The first version of this blog used MySQL; then I switched to Tokyo Cabinet. But now I've switched back to PostgreSQL. Here's why.
Why did I switch to TC to begin with?
There weren't any good ORM-type libraries for Clojure at the time (over a year ago). So there was a bit of an impedance mismatch trying to query and work with my data. In the DB I have separate tables for posts, comments, tags, categories. But 90% of the time I want to fetch a post and end up in Clojure with all related tags, comments etc. (A JOIN won't work here without a lot of work to un-mangle the results; you usually need multiple queries.)
With TC I could store anything in the DB, so I just dumped a post into the DB as serialized hash-maps with all the comments, tags, and categories as sub-keys. So querying was easy. (Or was it? More below.)
MySQL was really slow. This is largely because my queries were terrible, as I tried to solve the problem from #1 via brute force. TC on the other hand is fast.
I tried to solve #2 by using a Clojure ref as a cache. But tying the STM to a database's transaction system is as far as I know difficult or impossible right now (per many threads on the mailing list). I had a lot of potential race conditions, which (as far as I know) never bit me, but probably would've eventually. I had to deal with keeping the cache up-to-date as comments were posted and posts were added and deleted and renamed. Remember:
"There are only two hard problems in Computer Science: cache invalidation and naming things." --Phil Karlton
So why did I stop using TC?
I have no idea how to use a key/value store database properly. TC will take anything you dump into it, which is both a strength and a weakness.
There's a lot of crap you have to do by hand that a proper database does for you. Consider checking for null values, for example; I ended up with a lot of
nils in my data because my validations weren't 100% foolproof, or because I imported data via code that didn't run the validations and I never noticed.. Or enforcing uniqueness of values; I had tag objects in the database with the same key but different values (due to capitalization differences), which screwed up a lot of stuff.
On the other hand, there's a lot of information about how to use RDBMS properly, and I have a lot of experience with it already. Constraints are easy to set up. Columns have types, which is nice. (Strange that I gravitate toward statically-type databases while I gravitate toward dynamically-typed programming languages.)
I have to compile and install Tokyo Cabinet by hand on my Linux distro. It's probably not worth distro maintainers to maintain a package that so few people use. MySQL and PostgreSQL have lots of people working on keeping them running OK on most Linux distros.
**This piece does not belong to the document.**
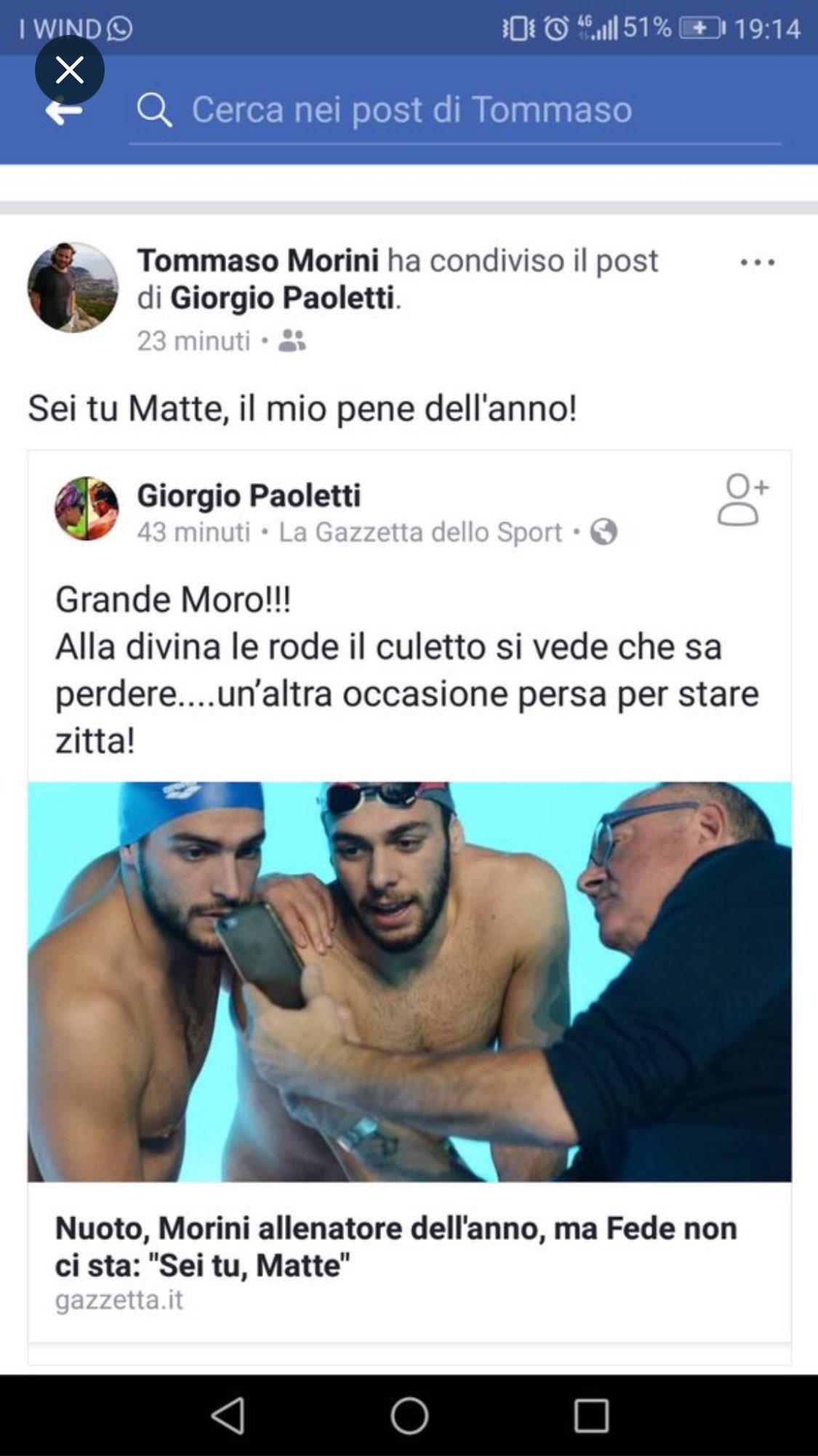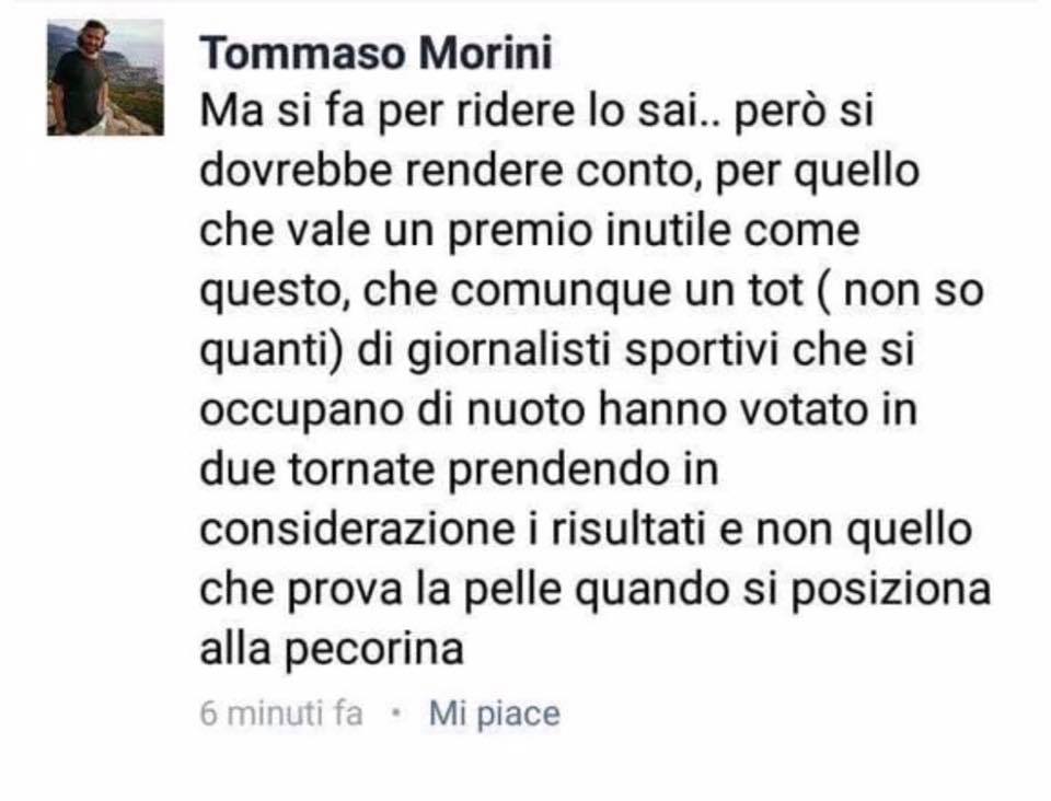 Caso ridimensionato dunque, e la figura uscita allo scoperto quest’oggi è quella di Tommaso Morini, figlio del tecnico e cugino di Detti, che è la vera e autentica causa scatenante delle sfuriate social di Federica Pellegrini: Morini jr ha fatto accuse sessiste a Federica, sfoderando le peggiori pulsioni del maschio medio e scusandosi solo dopo essere stato messo alla berlina pubblicamente dalla Pellegrini stessa attraverso alcune rivelazioni a una nota esperta di gossip e figura del mondo dello spettacolo. Sono accuse pesanti, quelle che potete vedere negli screen sottostanti, e a questo punto la querela minacciata da Federica Pellegrini e alcune delle frasi scritte ieri dalla Divina diventano giustificabili, anche se il rischio di rottura con Paltrinieri è stato serio, concreto e assolutamente evitabile.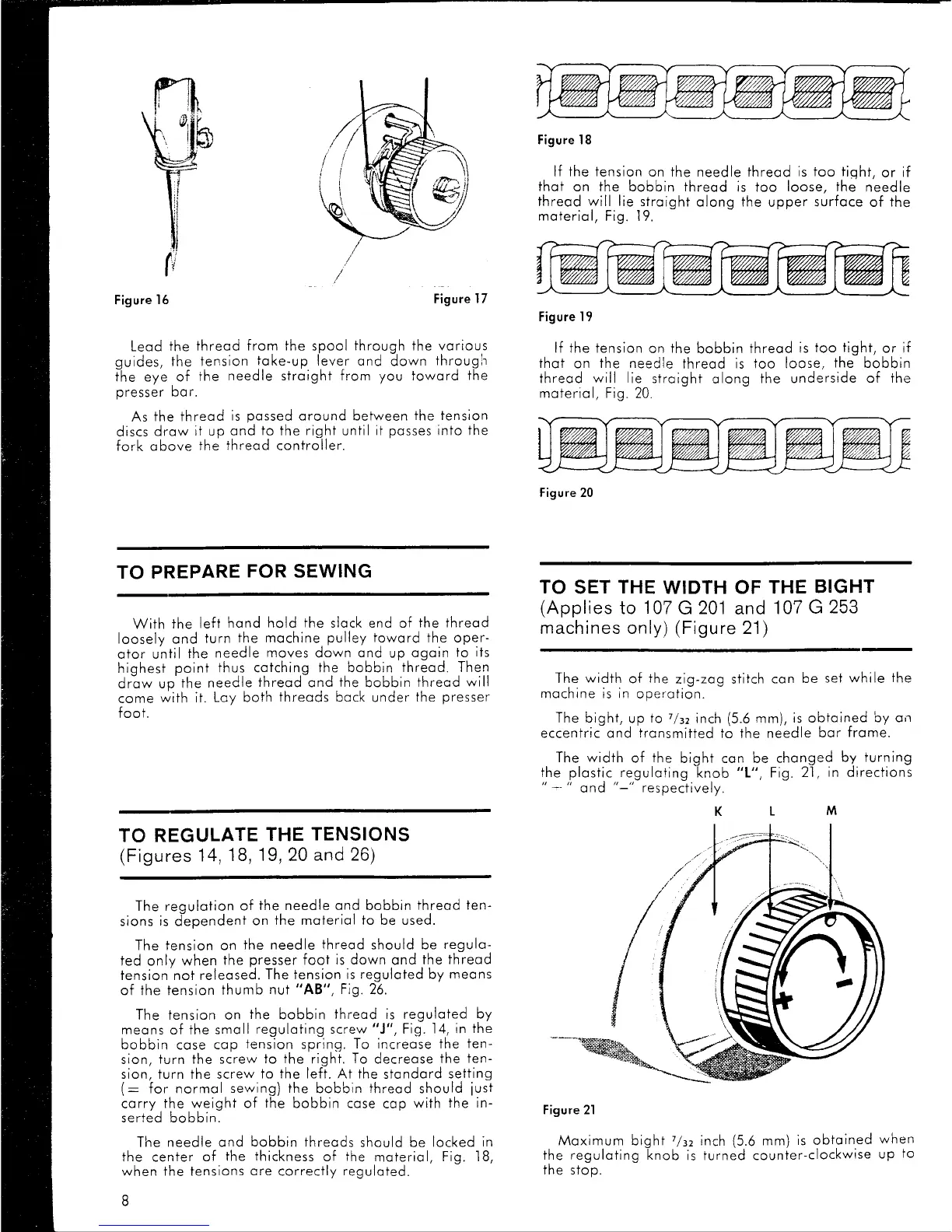 Singer 107G201 - Preparing for Sewing; Catching the Bobbin Thread; Regulating Thread Tensions; Tension Adjustment Factors

Some kinds of queries were still awkward in TC. "Give me post X" was great: I'd also get all the tags, categories etc. for free. But then how do you query to get all tags across all posts? Or all comments? Fetch all the posts and iterate over them, collecting their tags, then uniquify the resulting list? Not so pretty, and not so fast. So I was back to caching again, which still gave me nightmares about race conditions and dirty data.
So now why am I using an RDBMS again?
An RDBMS is exactly what I really need, if I could just query the thing concisely and get it to run fast. Thankfully there are some ORM-like libraries for Clojure in the works nowadays, already usable for a hobby project like this blog. There are clj-record, Carte, ClojureQL, and my own Oyako, and possibly others in the works.
For my tiny blog's database, Oyako gives me slightly slower performance than TC, but along the same order of magnitude, which is good enough.
Via Oyako I can (fairly concisely) fetch posts and get the associated tags, comments etc. But I can also easily fetch all tags, or all comments, since they're in their own tables. The "relational" part of RDBMS does come in handy sometimes.
I switched to TC to begin with because I was using SQL wrong, and it was too slow and clumsy. Once I figured out how to use SQL correctly, it was a no-brainer to go back.